Member of the Legislative Assembly of New Brunswick
- In office 1970–1987
- Preceded by: Brenda Robertson
- Succeeded by: Harold A. Terris
- Constituency: Albert

Interim Leader of the Progressive Conservative Party of New Brunswick
- In office 1987–1989
- Preceded by: Richard Hatfield
- Succeeded by: Barbara Baird

Personal details
- Born: Malcolm Noble MacLeod February 8, 1928 Moncton, New Brunswick, Canada
- Died: August 22, 1996 (aged 68) Moncton, New Brunswick, Canada
- Party: Progressive Conservative Party of New Brunswick
- Spouse: Hazel Edith Freeze ​(m. 1949)​
- Children: 3

= Malcolm MacLeod (politician) =

Canadian politician

Malcolm Noble "Mac" MacLeod (February 8, 1928 – August 22, 1996) was a Canadian politician. Born in Moncton, New Brunswick, he served as a longtime member of the Legislative Assembly of New Brunswick representing the electoral district of Albert from 1970 to his defeat in 1987 when his Progressive Conservatives lost every seat in the legislature.

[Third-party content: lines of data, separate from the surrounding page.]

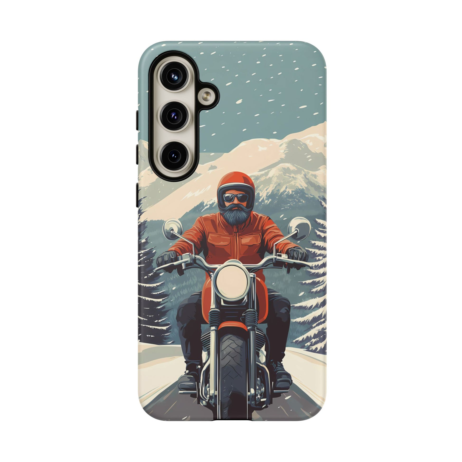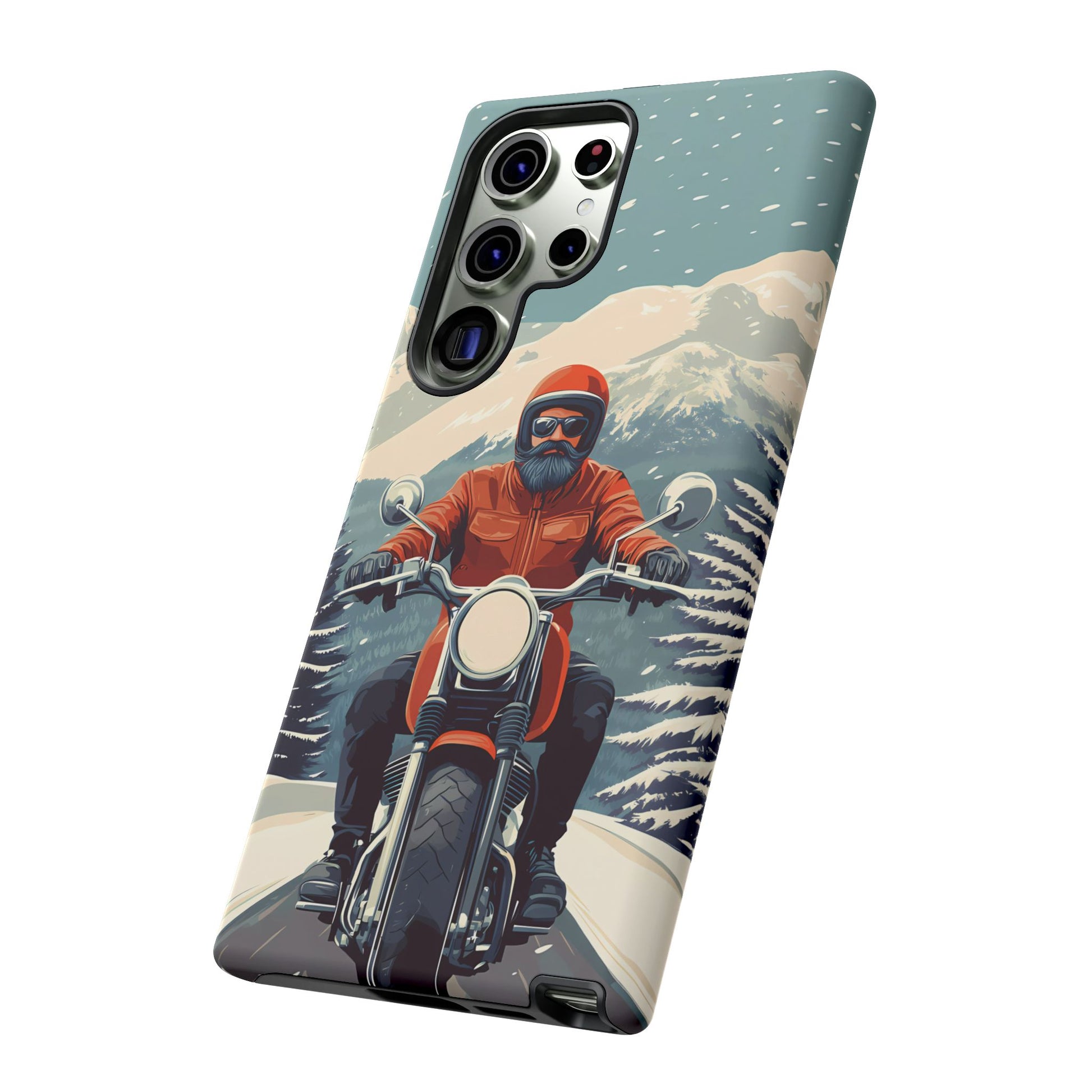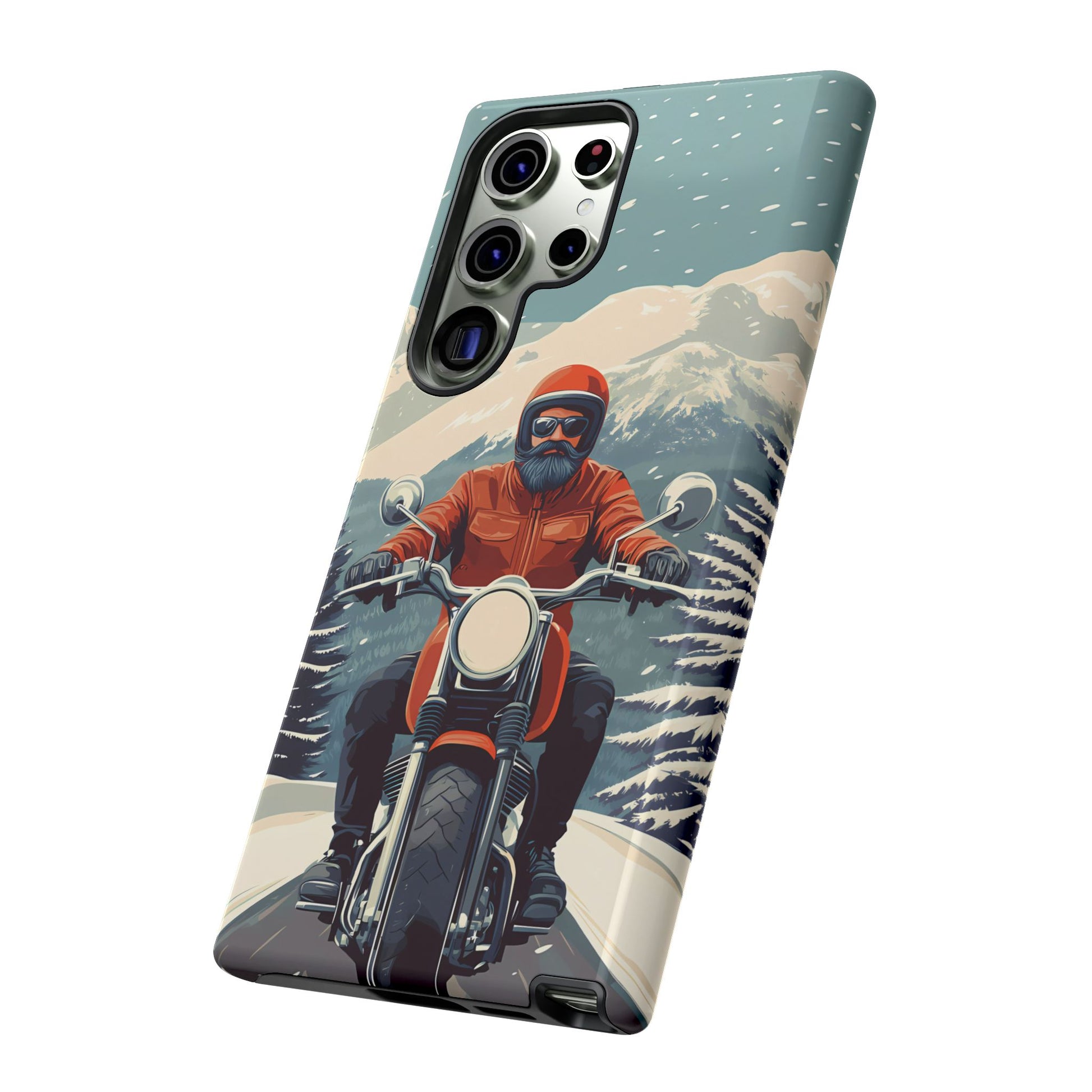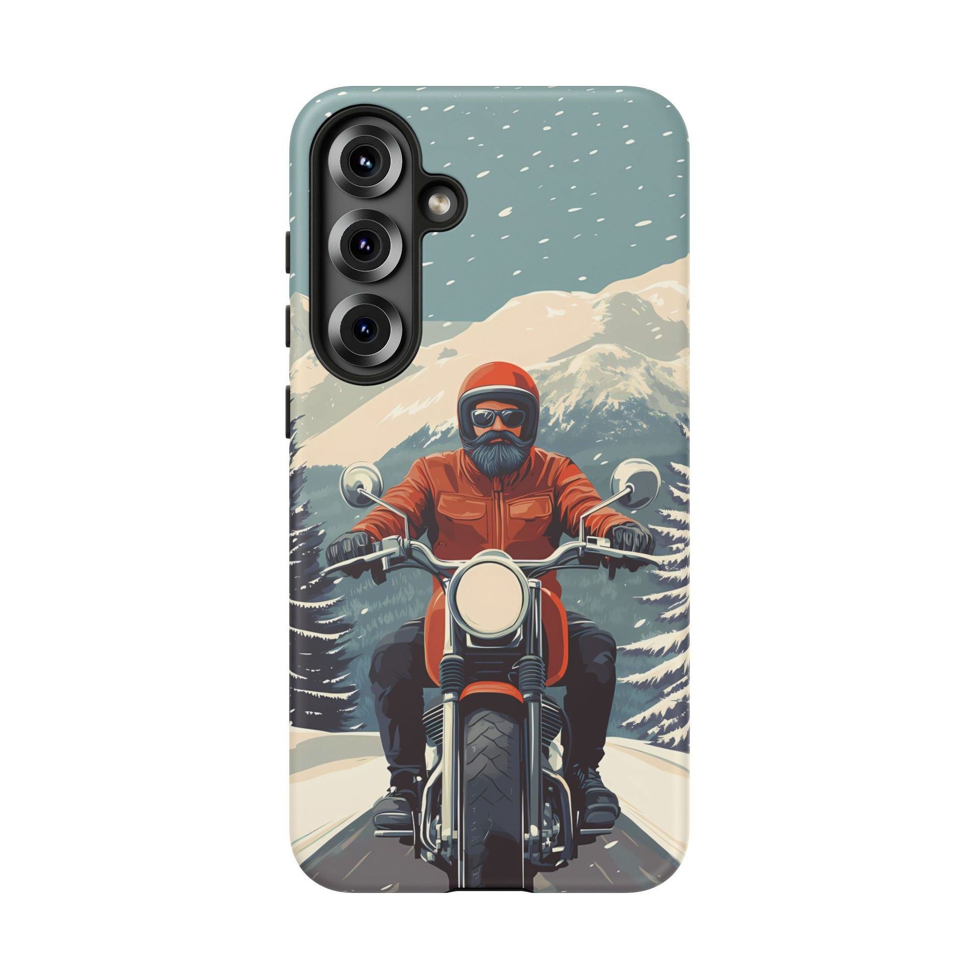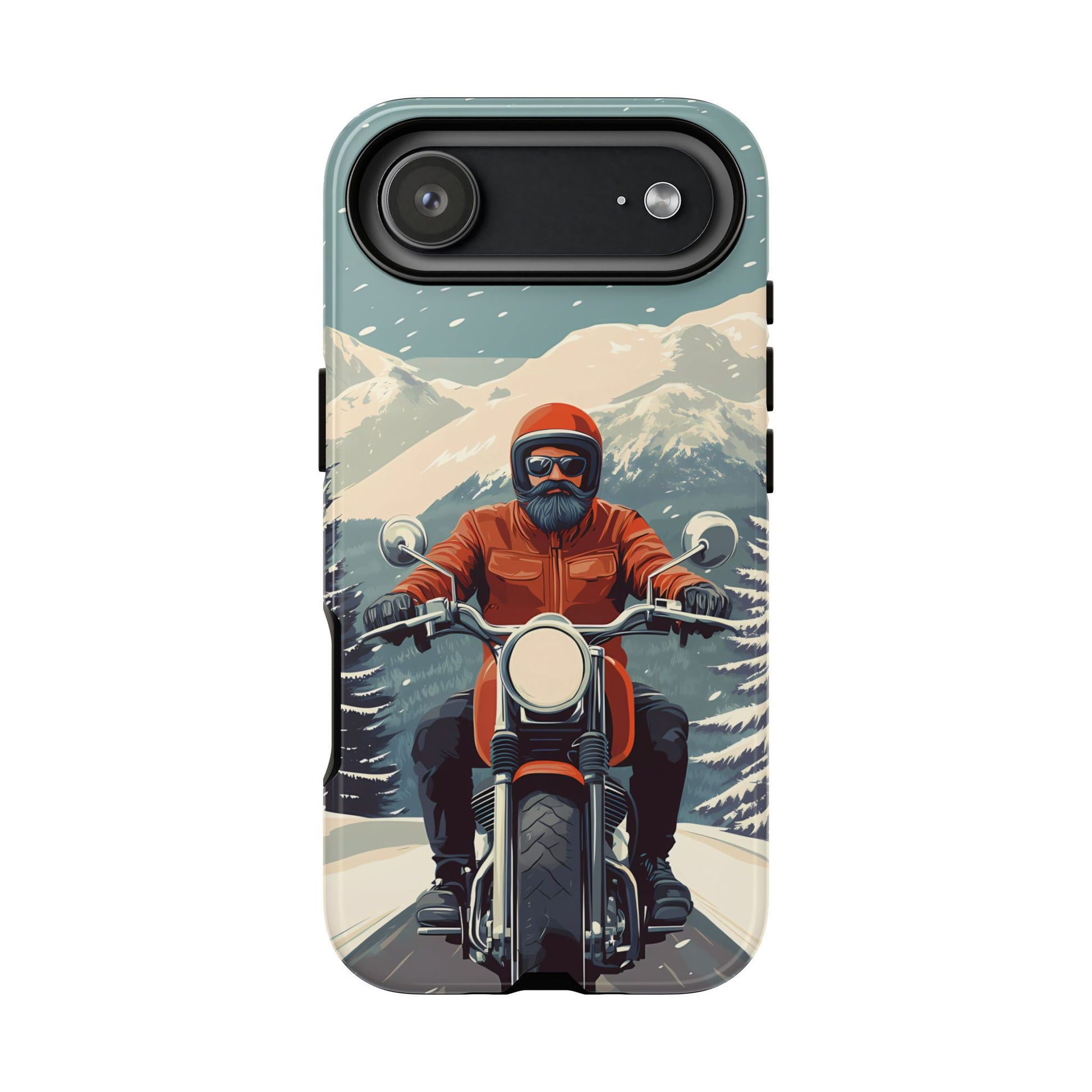 A tribute to the independent spirit of motorcycle riders, this design showcases a mature lone rider on an epic journey. With gritty textures and a timeless biker aesthetic, this phone case is made for those who embrace the ride as a way of life
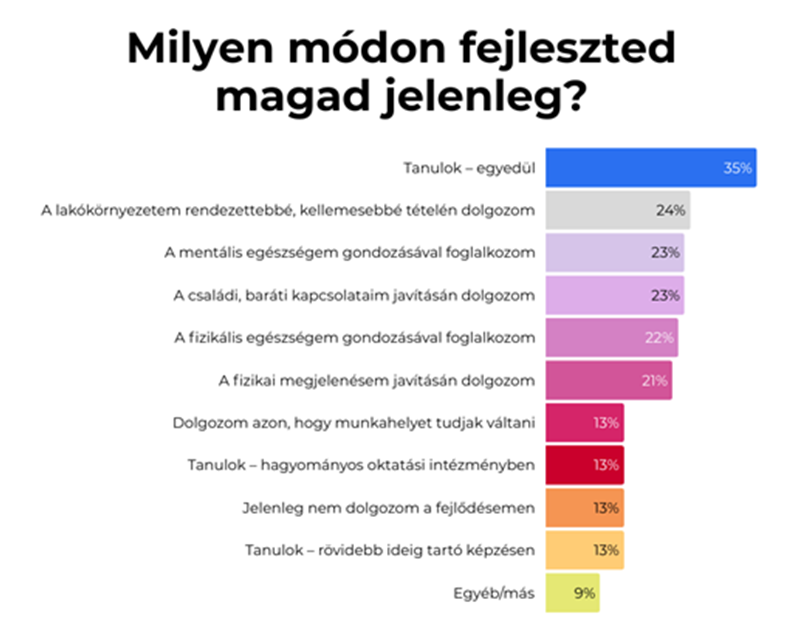 Személyes fejlődésük érdekében jelenleg a legtöbben egyedül tanulnak (35 százalék), a lakókörnyezetüket rendezik (24 százalék), társas kapcsolataik fejlesztésén dolgoznak (23 százalék), a mentális egészségüket gondozzák (23 százalék), a fizikai egészségükkel foglalkoznak (22 százalék), vagy a megjelenésük javításán fáradoznak (21 százalék). A munkavállalók mindössze 13 százaléka nyilatkozott úgy, hogy jelenleg nem dolgozik a saját fejlődésén. A fiatalok (16-29 év közöttiek) jelentősen magasabb arányban (32 százalék) foglalkoznak a mentális egészség gondozásával, míg a 60 év felettiek a fizikális egészségre fordítanak nagyobb figyelmet az átlagnál (28 százalék).
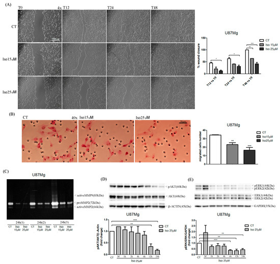 (A) Wound healing assay in U87MG treated with Iso 15 and 25 µM: the closure of the scratch area in treated cells is less than in control cells, at all observed times (scale bar 500 µm). (B) Migration assay in U87MG treated with Iso 15 and 25 µM for 48 h: the number of migrated cells in the treated U87MG is lower than in the controls (scale bar 50 µm). (C) Zymography assay in culture medium collected from U87MG after 24 h of induction with Iso 15 and 25 µM: in treated cells isoginkgetin reduces the enzymatic activity of MMP9 (83 kDa), proMMP2 (72 kDa), and activeMMP2 (66 kDa) compared to control cells. (D,E) Western blot analysis of pAKT and pERK1/2 in U87MG after a short-term treatment with Iso 25 µM: Isoginkgetin significantly reduces the levels of phosphorylated AKT only at 12 and 24 h oh treatment (D) and reduces the levels of phosphorylated ERK1/2 already at 6 h of treatment (E). Values are the means ± SEM of three individual experiments. Unpaired t-test, one-way ANOVA test, Bonferroni’s multiple comparison test, * p values < 0.05. According to GraphPad Prism, ** p value 0.001 to 0.01 (very significant), *** p value 0.0001 to 0.001 (extremely significant).
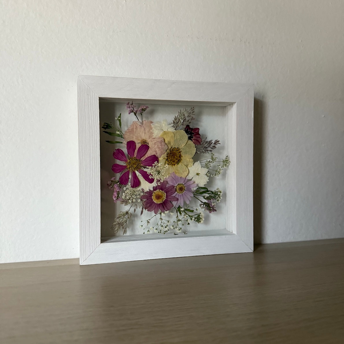 Přesně to jsou naše obrazy. Zakládáme si na originalitě a kvalitě, proto je každý náš obraz originál z pravých vylisovaných lokálních květů zarámovaných do ručně dělaných masivních dřevěných rámů.

He was the second longest serving Minister of Agriculture in New Brunswick, serving as Minister of Agriculture and Rural Development from 1974 to 1985. He served as Minister of Natural Resources and Energy from 1985 until the defeat of his government in 1987. Following the election he served as interim leader of the PC Party until the election of Barbara Baird in 1989. He died in a Moncton nursing home in 1996 at the age of 68 from Parkinson's disease.